Let $\mathcal{G}(n,m)$ be the set of connected, simple graphs with $n$ vertices and $m$ edges. For any graph $G$ we denote its number of simple cycles with $\mu(G)$ and and for any finite family of finite graphs $\mathcal{G}$ we define $\mu(\mathcal{G}):=\text{max}_{G \in \mathcal{G}} \{ \mu(G) \}$.
Let $\mathcal{G}(\mathbb{N},m) := \bigcup_{n \in \mathbb{N}} \mathcal{G}(n,m)$.
I wonder if the following statement is true:
Let $m \in \mathbb{N}$ such that there is a complete graph $G_{,m}$ with $m$ edges. Then $\mu (\mathcal{G}(\mathbb{N},m))=\mu(G_{,m})$.
Remark: If $m$ is the number of edges of some complete graph $G_{,m}$, then, since we only consider connected and simple graphs, $\mathcal{G}(\mathbb{N},m)$ cannot contain any graph with less vertices than $G_{,m}$; on the other side, there is also an upper limit on the number of vertices of the graphs in $\mathcal{G}(\mathbb{N},m)$: $m+1$. Therefore the number $\mu (\mathcal{G}(\mathbb{N},m))$ is well defined.
No, not by far.
Suppose $m=\binom n2$ -- the claim is then that $K_n$ contains a maximum number of simple cycles among all graphs with $m$ edges.

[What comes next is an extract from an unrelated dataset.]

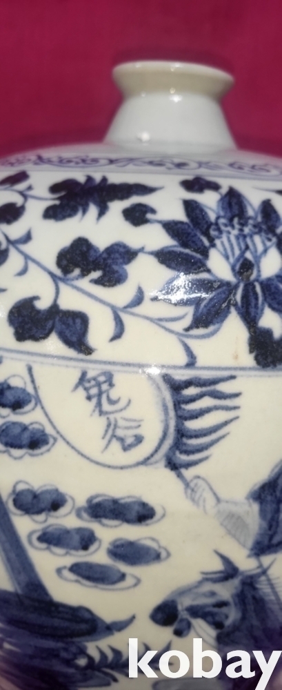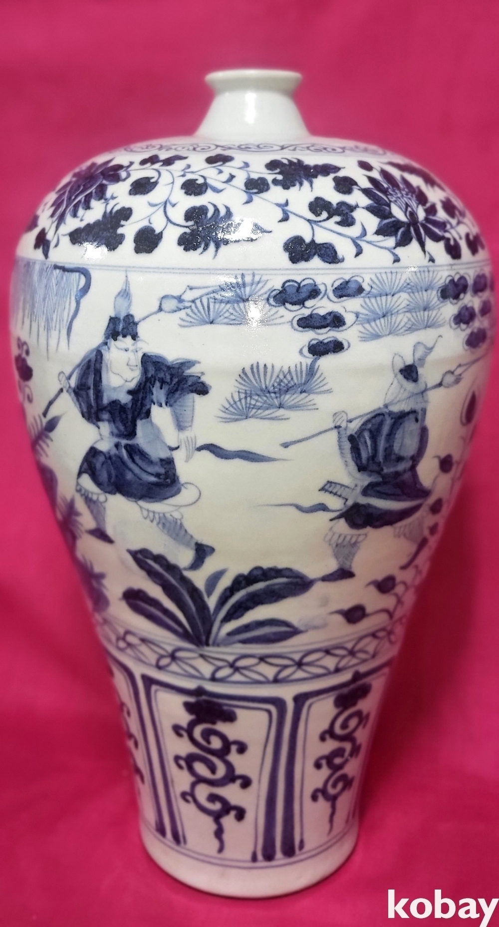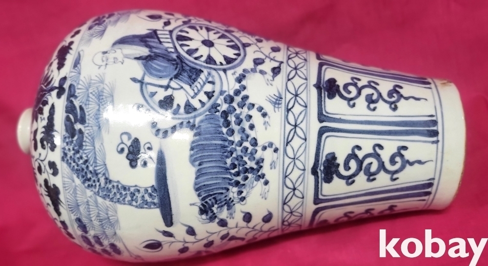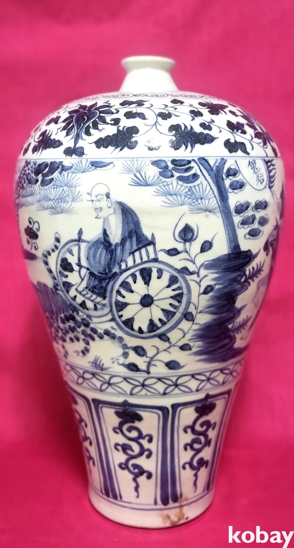 징기스칸 관지 청화백자 귀곡자 하산도 문양 큰 매병입니다,

But $K_n$ has strictly less than $n!$ simple cycles, whereas we can also arrange the same number of edges into $\lfloor m/3\rfloor$ triangles strung together in a circle:
which has at least $2^{\lfloor m/3\rfloor}$ different simple cycles.
And $$ \log_2(n!) < \log_2(n^n) = n\log_2 n $$ which grows strictly slower than $\lfloor m/3\rfloor=\bigl\lfloor\frac{n^2-n}{6}\bigr\rfloor \in \Omega(n^2)$.
So for large enough $n$ (by the crude $n!$ estimate, $n\ge 19$ will do), the complete graph $K_n$ always has fewer simple cycles than the necklace-of-triangles graph with the same number of edges.